Document Type

Journal Article

Publication Title

Impact Assessment and Project Appraisal

Publisher

Taylor & Francis

School

Centre for Ecosystem Management / Centre for People, Place and Planet

RAS ID

56513

Comments

This is an Accepted Manuscript of an article published by Taylor & Francis in IMPACT ASSESSMENT AND PROJECT APPRAISAL on 21/02/2023, available online: http://www.tandfonline.com/10.1080/14615517.2023.2181248.

Retief, F. P., Bond, A., Morrison-Saunders, A., Pope, J., Alberts, R. C., Roos, C., & Cilliers, D. P. (2023). Gaining a deeper understanding of the psychology underpinning significance judgements in environmental impact assessment (EIA). Impact Assessment and Project Appraisal,41(4), 250-262.

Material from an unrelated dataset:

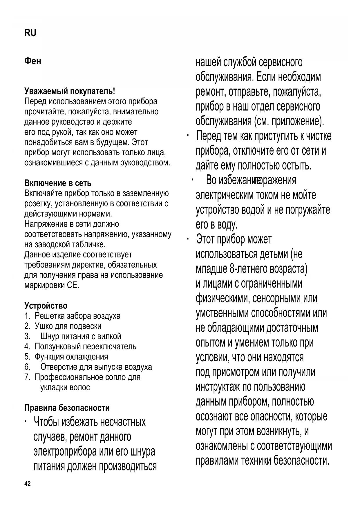 укладки волос Правила безопасности ∙ Чтобы избежать несчастных случаев, ремонт данного электроприбора или его шнура питания должен производиться нашей службой сервисного обслуживания. Если необходим ремонт, отправьте, пожалуйста, прибор в наш отдел сервисного обслуживания (см. приложение). ∙ Перед тем как приступить к чистке прибора, отключите его от сети и дайте ему полностью остыть. ∙ Во избежание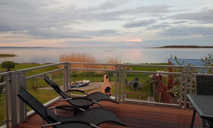 Welcome Everyday life has you firmly in its grip??? You want to enjoy your holiday and really switch off??? Then come to us and spend your holiday in beautiful Altwarp, situated directly on the water!!! Altwarp is a small fishing village situated directly on the white beach of the Szczecin Lagoon, making it the most north-easterly fishing village in Germany. The calm water and the gently sloping shore are a paradise for children. Many cycle tours (with over 500 kilometres of cycle paths) or hiking trails are in the immediate vicinity and offer wonderful tours through forests and across fields. Embedded in the nature reserve with its inland dunes, the Szczecin Lagoon and the juniper, pine and oak forests, Altwarp is the most north-easterly fishing village in Germany. The bathing beach is located in the centre of the village and is ideal for children and non-swimmers due to its slowly deepening water. Explore the beautiful landscape on foot, by bike or take a few trips in your car. The more you experience on your holiday, the more you will have to tell afterwards. The variety on offer makes our accommodation attractive starting points for your possible activities. For your daily needs, there is a small supermarket in Altwarp with fresh bread rolls, an excellent range of meat and sausage products and everything else you need for your holiday. If you prefer to indulge yourself during your holiday, the "Haffstübchen" invites you to enjoy great fish and meat dishes or coffee, cake and ice cream in a maritime ambience from midday onwards. If you are interested in the history of our small village, you can find out more in the Altwarp local history centre. Countless excursion destinations, smaller villages and a wide range of restaurants will accompany you on your explorations. But the main reason for travelling here is the peace and relaxation. Treat yourself to some time out and take a deep breath! Simply take a break from everyday life - take some time for yourself. The nearest larger town is Ueckermünde, approx. 15 km away, with many shopping facilities, a beautiful old town, the harbour, the Haffmuseum and numerous cultural events. There is also a train and bus connection to Altwarp. Boat trips from Ueckermünde harbour to Neuwarp, Szczecin and Swinoujscie are an experience. You can also hire small boats from here and paddle up and down the Uecker. Other attractions in the region include the botanical garden in Christiansberg, the zoo in Ueckermünde and Ukranenland in Torgelow. And for the very active, there is a sports centre in Eggesin with a wide range of opportunities for sporting activities. Day trips to Anklam (e.g. Lilienthal Museum), Stralsund (e.g. Oceanographic Museum), Peenemünde (e.g. Submarine Museum) or the island of Usedom (e.g. sunflower labyrinth, huge bathing beaches) are also recommended. In the garden, which is also fenced, there is a barbecue with a fireplace. From the terrace and also from the balcony you can see the small lagoon. The holiday flat is located on the upper floor, from where the view of the water is overwhelming. The flat has a size of 65 square metres. In the living room there is a sofa bed with a dining table and a flat screen TV. In the living room there is also a fitted kitchen with fridge, dishwasher, cooker, sink, coffee machine, toaster, kettle and crockery for 6 people. The bedroom is at the end of the flat. There is a double bed with two bedside tables. Wardrobes are also available. In the bathroom there is a WC, a shower, a washbasin, a mirror cabinet, a washing machine and the best is yet to come, a whirlpool bath for romantic hours for two. As you can see, you can experience a lot with us and if you just want to enjoy the evening after an eventful day, then do so with the fantastic sunsets directly on the water. A holiday couldn't end in a more romantic and relaxing way. Relax with us and enjoy a carefree time alone or with your family. I wish my guests a pleasant and relaxing stay.Short descriptionOther : Non-smoking houseShort description 1Number of kitchens : 1Other rooms : BalconySurroundingsLeisure facilities : Boat hireSports facilities in the surrounding area : Fishing, canoeing, cycling, rowingSurroundings 1Excursions : Botanical garden, day trips to Szczecin-Swinemünde and Haff round trips, animal park in Ueckermünde, the Ukranenland in Torgelow, Heidebad in Torgelow, the city harbour in Ueckermünde, raft trips on the Uecker where you can feel the peace of the river, meadows and forest, sailing yacht charter trips, safari on the Szczecin Lagoon with expert tour guide but with advance booking.Place description: Whoever visits Altwarp will find it - the good, the happiness, a pearl... Altwarp is an ancient fishing village where everyone can take a deep breath and relax. Just behind the village, the inland dunes invite you to make discoveries that are hardly possible anywhere else. Juniper heaths, sparse pine and oak forests merge with marshy meadow lowlands - a wealth of diversity that only nature can offer. Fishing has been part of this place since 1148 and this has not changed to this day. Altwarp is a border village, water separates the fishing village from its Polish sister Neuwarp.Garden and outdoor facilitiesRecreational facilities at the property : WhirlpoolGarden equipment : Garden furniture available, barbecue

https://doi.org/10.1080/14615517.2023.2181248

Abstract

Significance judgements lie at the heart of EIA and provide the basis and justification for overall decision-making. Although the subjective nature of significance judgements is widely recognized, there has been limited research aimed at gaining a deeper understanding of its implications. This paper builds on the growing tradition of exploring learning from psychology in dealing with challenges in EIA practice, in this case, significance judgements. The aim of this research is therefore, to gain a deeper understanding of the psychology underpinning significance judgements. This is achieved by applying 10 concepts from psychology to the four steps in the ‘significance spectrum model’, namely: decide thresholds, make predictions, judge acceptability and consider mitigation. The results suggest that significance judgements should (with underpinning concepts from psychology provided in parentheses) aim for a limited number of key thresholds (paradox of choice); design thresholds with future gains in mind (loss aversion), reconsider probability scoring (possibility and certainty effect); avoid judgements based on limited information (What You See Is All There Is, WHYSIATI); utilise statistical prediction over expert opinion (expert fallacy); communicate carefully (priming, framing and cognitive ease); and consider personal attitudes and biases (affect heuristic).